#### [Data extract]

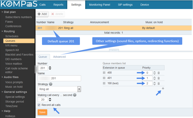 - Realice la configuración general de la cola en la pestaña Cola. Establezca la prioridad en la lista de extensiones por número (si es menor, entonces mayor).
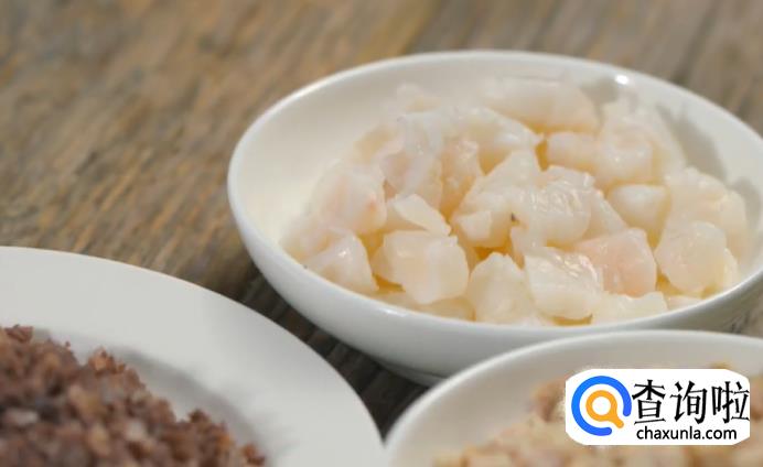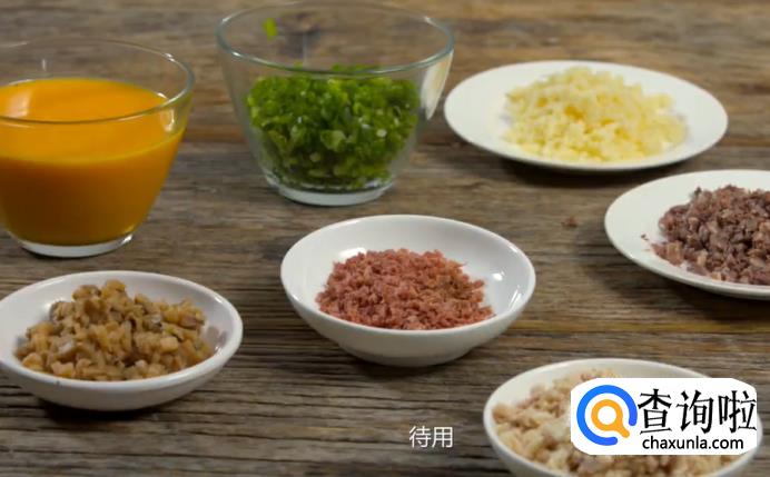 接着,把花菇、笋、鸭胗、火腿和鸡肉等配料切成米粒大小的样丁,放在盘中备用。
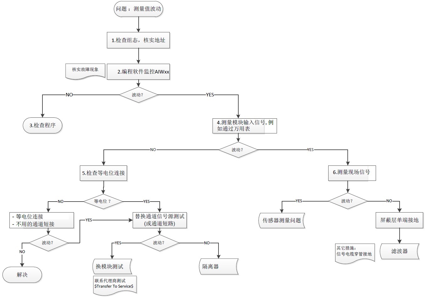 当 S7-200 SMART模拟量输入模块接收到测量值波动时,可通过如下图的步骤进行检查:
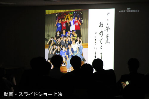 卒業式前日の3月2日(月)放課後、生徒会主催による「3年生を送る会」を開催しました。会では、生徒会が制作した先生・生徒からのメッセージ動画、先生・生徒が出演する「トイ・ストーリー」のパロディ動画、3年生の思い出のスライドショーを1本にまとめ上映しました。3年生に感謝を伝えるよう演出に工夫を凝らした映像で、会場は笑いと感動に包まれました。上映後は、全学年で教員も一緒に会食会を楽しみ、最後に3年生代表から大学生活への決意が述べられました。
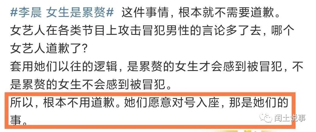 对于李晨的道歉,部分网友认为这件事情根本就不需要道歉,女艺人在节目上公然攻击冒犯男星的海了去了,都没见过哪个女艺人道过歉,也只有累赘的女生才会觉得被冒犯,所以她们愿意对号入座那是那她们的事情。
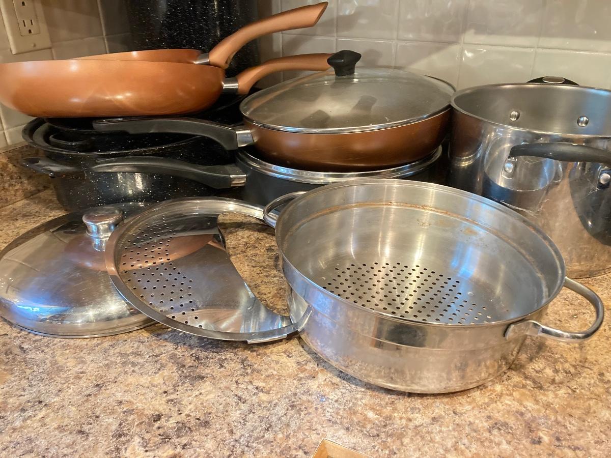 LOT 55K: Cookware - Farberware, Healthy Living, Roasting Pans and More
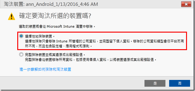 2.選擇性抹除只會移除本來受Intune管理範圍的資料,若使用者希望連個人資料也抹除,才選擇完整性抹除將手機能還原成出廠預設值。
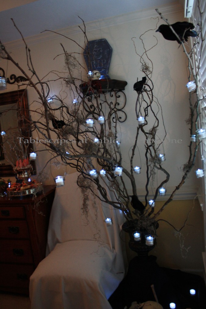 I created this spooky Halloween “tree” using a fallen limb from our yard augmented with several curly willow branches tied in with a virtually undetectable dark-colored wired jute. I secured the branches under dark river stones in a black urn that I sat on a box (disguised by a black linen) to lend a bit more height. The votive hangers were hand-fashioned from a medium gauge floral wire. Once again, LED candles are used to be safe around the dry wood. I finished the arrangement off with mounds of Spanish moss.

#### [Work item]
Now transcribe the lines above exactly, starting at the line containing "对于李晨的道歉,部分网友认为" and ending at the line containing "2.選擇性抹除只會移除本來受", both lines included, pictures excluded.

#### [Solution to this exercise]
 对于李晨的道歉,部分网友认为这件事情根本就不需要道歉,女艺人在节目上公然攻击冒犯男星的海了去了,都没见过哪个女艺人道过歉,也只有累赘的女生才会觉得被冒犯,所以她们愿意对号入座那是那她们的事情。
 LOT 55K: Cookware - Farberware, Healthy Living, Roasting Pans and More
 2.選擇性抹除只會移除本來受Intune管理範圍的資料,若使用者希望連個人資料也抹除,才選擇完整性抹除將手機能還原成出廠預設值。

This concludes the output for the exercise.